Motor signs during the first year
Of the included reports, four were large longitudinal cohort studies exploring early neurodevelopment in the general population [38, 46, 48] or in families with lower socioeconomic status [45]. Neurodevelopmental characteristics of children with ADHD symptoms or an ADHD diagnosis were compared to the same characteristics of control children.
A retrospective chart review study of 58 children diagnosed with ADHD at school-age and 58 controls that participated in a population-based developmental program at a ‘Well-Baby’ clinic evaluated longitudinal data from birth, 1-, 3-, 9- and 18-month visits [38]. Higher incidence of emergency caesarian sections, smaller head circumference at 3 months and feeding or sleeping difficulties before 6 months were all identified as early signs significantly correlated with ADHD. However, the only motor-related early sign identified was a delay in gross motor development, as assessed by the Denver Developmental Screening Test (DDST) [54]. A delay in gross motor movements was identified at 9 months of age in 34.5% of the ADHD group compared to 13.8% of the controls. The most reported deviation from typical gross motor development was the refusal to maintain supine position, which led to difficulties in head control, and thus, to general motor development difficulties. The delay was reported to be relatively mild, and attributed to physical characteristics including lax ligaments and hypotonia. Importantly, some children in the ADHD group were early achievers and some were late achievers, with both subgroups reported by the authors as showing “extreme” motor behavior.
A prospective study exploring early development in 267 infants from families with lower socioeconomic status [45] also included a smaller retrospective evaluation of 34 hyperactive children and 34 age-matched controls. The presence of hyperactivity was determined at around 6 years of age from subscores of the teacher-administered CBCL [55]. Thirty-eight child behavior variables were obtained during the first 2.5 years of life including neonatal behavioral assessments, mother-administered Carey questionnaire evaluating temperament, activity and attention, and other ratings of activity at 3 and 6 months of age [56]. Children who were hyperactive in kindergarten had been motorically less mature at 7 days old as assessed by the motor maturity Brazelton factor [57]. However, this was the only variable, out of the 38, which differentiated hyperactive children from typical children.

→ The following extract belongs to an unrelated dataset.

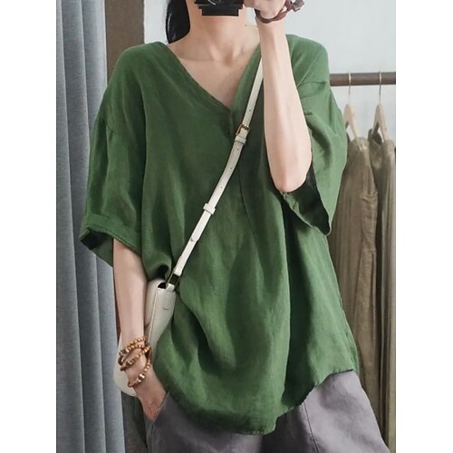 Per donna Blusa Tinta unica Elegante Casual Manica 3/4 Scollo a V Top Regolari Quotidiano Nero Bianco Rosa Verde Albicocca Estate Primavera

Another large study by Lemcke et al. [48] included 2034 children with a diagnosis of ADHD, who came from a large population-based cohort from the Danish National Birth Cohort (DNBC). As part of the DNBC, 76,286 mothers were interviewed about their child’s development at 6 and 18 months. Children were followed up between 8 and 14 years of age, when they were assessed for the presence of ADHD based on International Classification of Diseases, 10th Revision (ICD-10) criteria. The interview at 6 months of age explored specific aspects of motor development, such as the infant holding their head straight while being picked up, sitting up while on an adult’s lap, rolling over from back to stomach, crawling on the stomach. When comparing the ADHD group with the total study cohort, the only significant finding in the ADHD group was a higher number of infants who could not sit up straight when put on lap at 6 months (p ≤ 0.001).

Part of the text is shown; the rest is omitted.